Eggplants are experiencing some premature flowering due to stress.

Pea harvest continues.

In potatoes, we are starting to see the summer generation of Colorado potato beetle. We haven’t seen late blight in our region but weather conditions have been very conducive, so keep your eyes peeled when you’re scouting.

Pumpkins have emerged.

Early sweet corn is starting to tassel. Plants are shorter than they would ideally be, so ear size may be reduced. Some European corn borer damage is being seen in the whorl.

In tomatoes, early blight is starting to be seen. On the late blight side of things, we have had favorable weather for late blight development, though there have been no reported cases in the region and traps in Ontario have not picked up any spores.

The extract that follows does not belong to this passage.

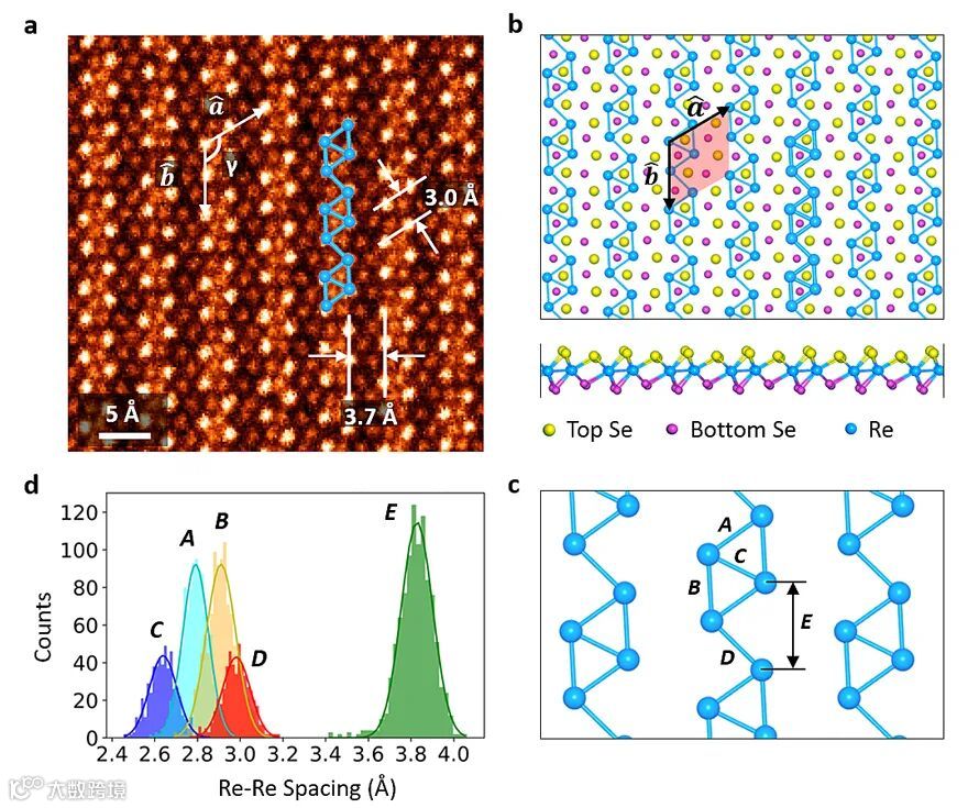 近日,中国科学院大学周武教授课题组和中国人民大学季威教授课题组、新加坡南洋理工大学刘政教授课题组合作,结合原子分辨扫描透射电子显微镜(STEM)成像和第一性原理计算,系统研究了单层T″相ReSe2中共格晶界(coherent boundary)的所有可能结构和对应的局域电子结构,并进一步揭示了该体系中独特的由非饱和Re-Re键诱导的多种自旋极化能隙态。单层ReSe2的面内各向异性结构特征如图1所示。实空间STEM原子分辨成像和相应的原子结构模型表明,每4个Re原子聚集成一个Re4团簇,通过团簇间Re-Re键连接形成一维Re4链。合作研究团队统计了实验图像中Re-Re原子间的5个特征长度(图1c,图1d),发现成键的Re-Re间距A-D与未成键的间距E之间存在明显差异,并依此将Re-Re的成键判定阈值设为3.2 Å。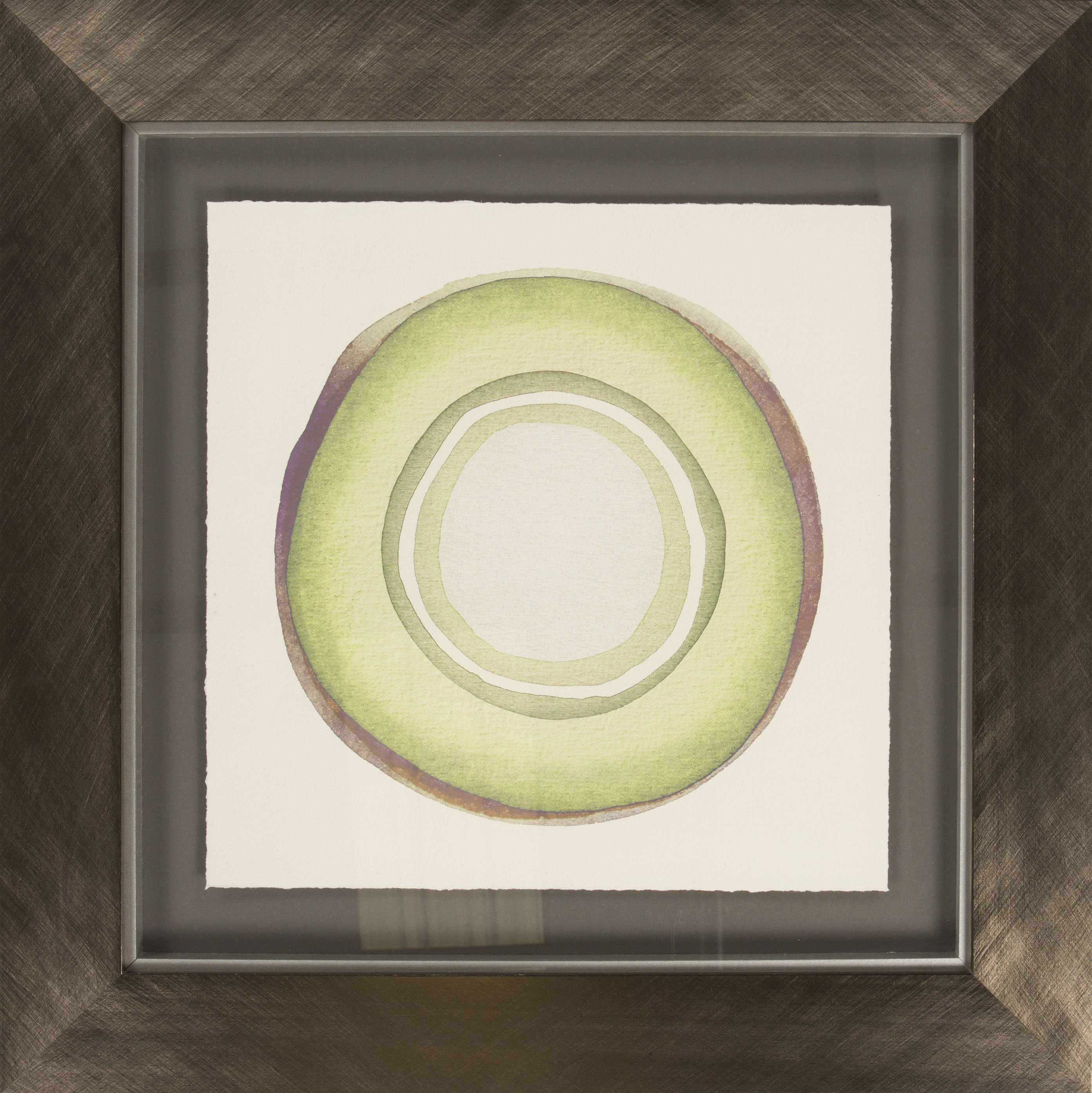 Our Svilengrad Wall Art Piece offers an enduring presentation of modern artistic simplicity that will competently revitalize your decor space. This captivating square artwork, digitally printed in China, features a minimalist design with concentric, slightly irregular rings in soft shades of green and a hint of purple. Framed for a refined presentation, the Svilengrad Wall Art brings a touch of understated modern elegance and organic form to any room.

Zucchini and yellow squash are being harvested.

Reach out

Contact me at or at 517-264-5309 to schedule a farm visit or ask a question.


Next month’s Young Growers Exchange Bus Tour is designed to allow the next generation of vegetable growers to network with each other while visiting west Michigan farms and is open to all growers in the Midwest. The tour will take place over two half-days on July 17-18. Day one will focus on soil health, showcasing Morgan’s Compost and a major potato grower who is part of a soil health initiative. Day two will include another major potato grower plus muck vegetable production. There has been a lot of grower interest, so early registrations in the grower category are filling up fast. We are also offering a single-day option to allow for additional participants to caravan and leave on their own. Please consider registering.

The 2019 MSU Weed Tour has been re-scheduled for July 10.

On July 24 from 6-8 p.m., there will be a program on propagation at the MSU Extension Washtenaw Office. For more info visit the event page.

Start making travel arrangements, the 2019 Great Lakes Fruit, Vegetable, and Farm Market EXPO is scheduled for December 10-12 in Grand Rapids, Michigan. We have great speakers coming in from across the country to address the production, labor, and marketing issues affecting Michigan vegetable growers.